Riley Roberts Park, LP owns the Davlan Apartments, a mixed-use building located along Massachusetts Avenue in downtown Indianapolis. A variety of one- or two-bedroom apartments, a few restaurants, a coffee shop, a jewelry store, and other commercial establishments are located within the Davlan. Thirty-six of the Davlan’s fifty residential units are set aside for low-income individuals and families.

In 2006, Riley Roberts Park filed an application for exemption with the Marion County Assessor, claiming that the Davlan should be exempt from property taxes because it was owned, occupied, and exclusively used for charitable purposes. The Marion County Property Tax Assessment Board of Appeals (PTABOA), however, determined that only fifty-four percent (54%) of the property qualified for an exemption.

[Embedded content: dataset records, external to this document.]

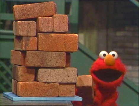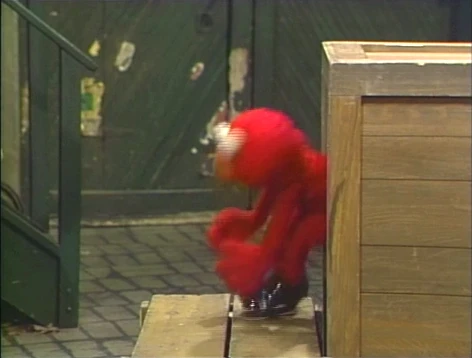 SCENE 3 | Elmo wonders if there's something he can learn that won't take years and years of practice like tap dancing or magic. He witnesses Herry Monster getting some exercise by moving a pile of bricks back and forth in the yard. Elmo thinks exercise won't take practice, but can't move the pile like Herry can. Elmo gets an idea and is able to move the bricks by taking them one at a time, still getting plenty of exercise. In fast-motion, he moves them from one table to the other, making himself dizzy in the process. |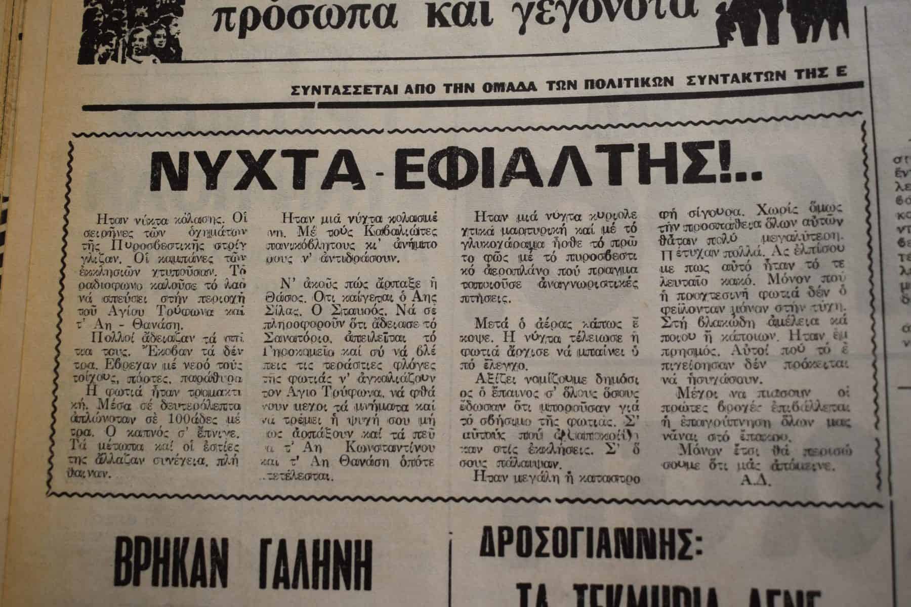 δ) η ΕΒΔΟΜΗ μιλάει για “Τρόμο στην πόλη” και για “Μια νύχτα κόλαση”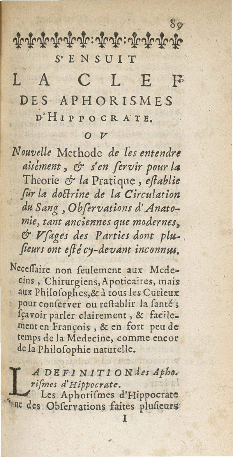 Les Aphorismes d'Hippocrate, traduits nouvellement en françois...et la clef de cette doctrine...[trad. par Meyssonnier]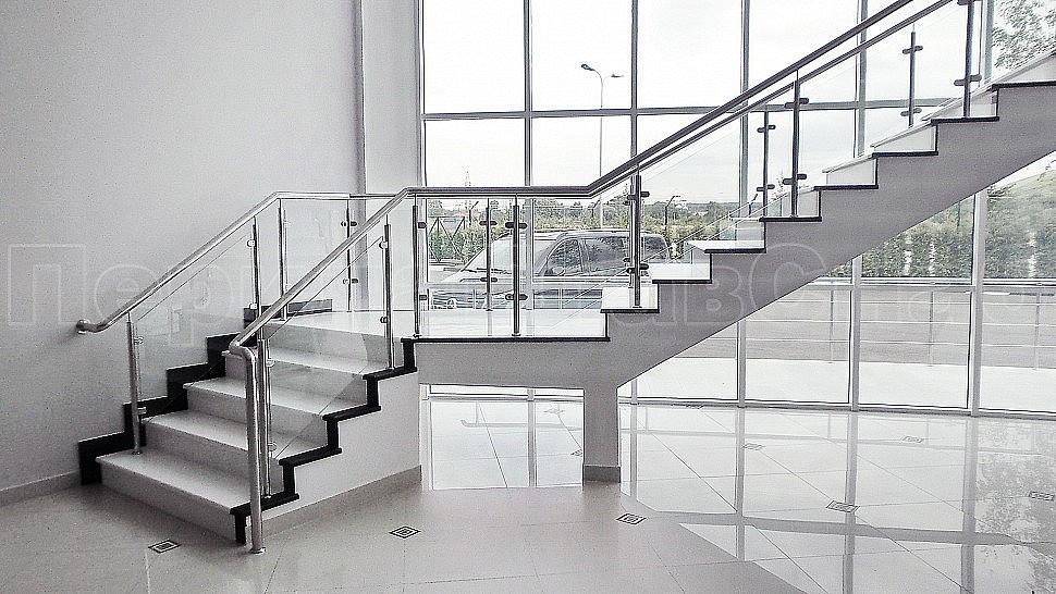 Складскому комплексу с административно-бытовыми помещениями было установлено ограждения двух внутренних центральных лестниц и атриума из полированной нержавеющей стали AISI 201 со стеклом. Высотой 950 мм и 1200 мм, стойки диаметр 38 мм, крепление сверху методом алмазного бурения диаметром 42 мм на глубину 70 мм, устанавливаются через две ступени в третью, наконечник стойки штырь, низ стойки декоративная крышка диметр 56 мм; стекло прозрачное закаленное 8 мм, крепится на зажимных стеклодержателях; поручень диметр 50,8 мм, окончание поручня заглушка. Крепление нержавеющих элементов ограждения между собой точечная аргонно-дуговая сварка, с последующей зачисткой и полировкой. г. Москва, ЗАО, внутригородское муниципальное образование Ново-Переделкино, промзона Орлово, проектируемый проезд 635.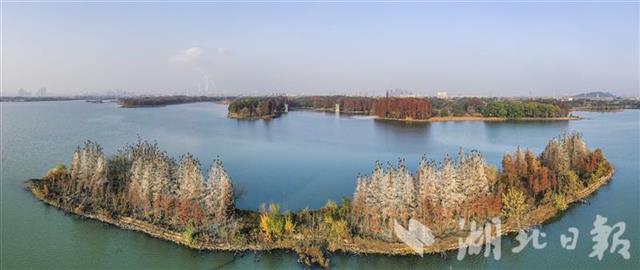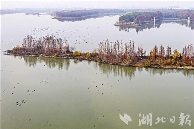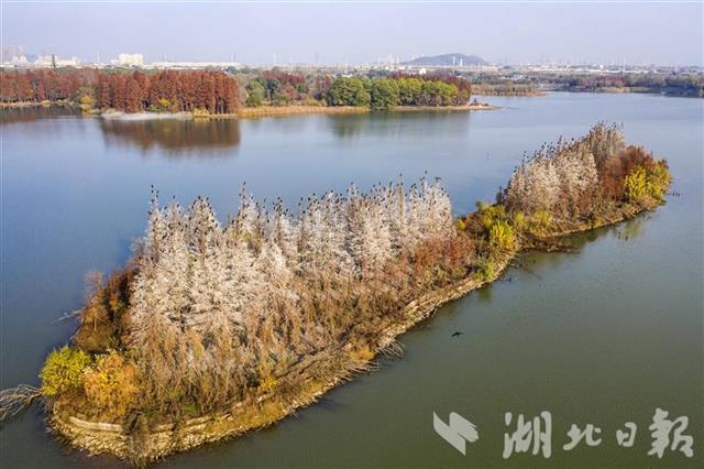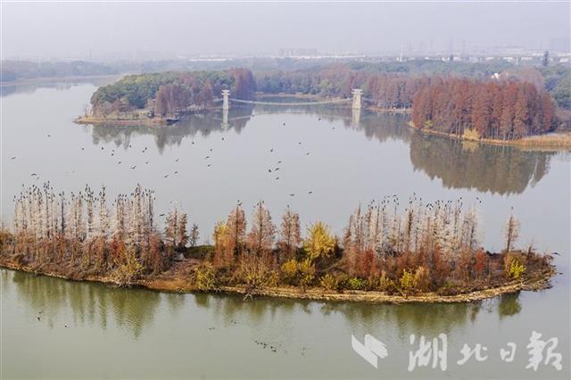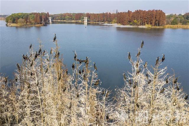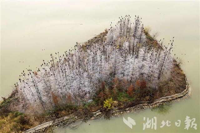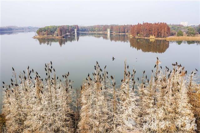 12月29日,在武汉东湖落雁景区,只见鸟岛上长满池杉,树梢树枝上站满了鸬鹚。偶尔,有鸬鹚飞离树梢,在水上盘旋掠食。鸬鹚是冬候鸟,每年11月迁徙到此越冬,来年2、3月份离去。鸟岛位于湖中,四面环水,无人惊扰,这里成了鸬鹚等候鸟越冬的天堂。(湖北日报全媒记者 梅涛 摄)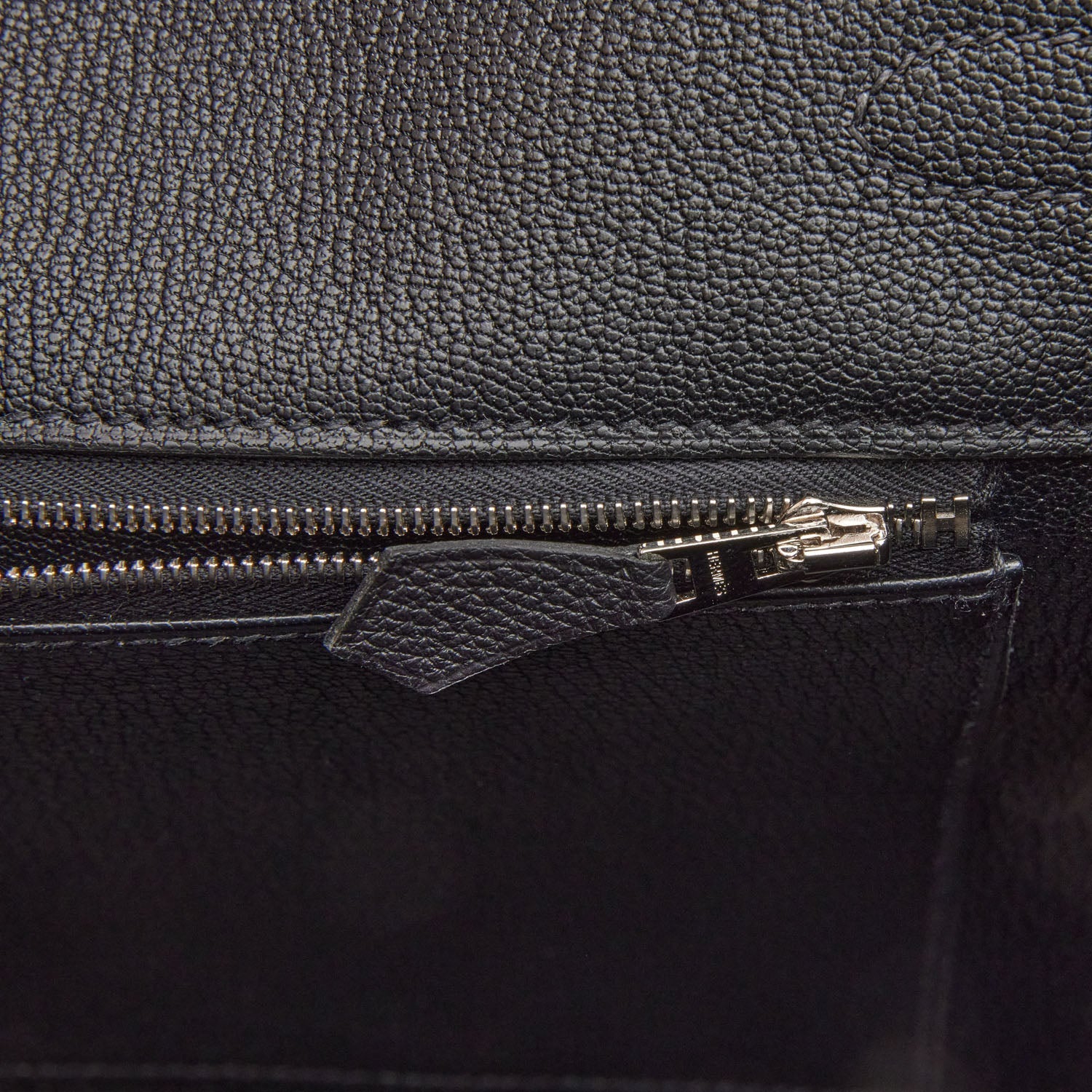 The interior is lined with black chevre and has one zip pocket with an Hermes engraved zipper pull and an open pocket on the opposite side.

The Davlan remained partially exempt from property taxes for the next three years. Then, in March of 2011, the PTABOA revoked Riley Roberts Park’s exemption for the 2010 tax year.

In April of 2011, Riley Roberts Park appealed to the Indiana Board of Tax Review, claiming that the PTABOA lacked the statutory authority to revoke its 2010 exemption. Riley Roberts Park also claimed that the PTABOA’s erred in revoking its exemption because the Davlan was owned, occupied, and used for charitable purposes. Moreover, Riley Roberts Park subsequently claimed that its property remained eligible for an exemption during the 2011 through 2016 tax years. In May of 2021, the Indiana Board issued a final determination that upheld the PTABOA’s revocation of Riley Roberts Park’s 2010 exemption and concluded that the Davlan was not owned, occupied, and predominantly used for charitable purposes during the 2010 through 2016 tax years.

On appeal, Riley Roberts Park asserts that the Indiana Board’s final determination is erroneous and must be reversed.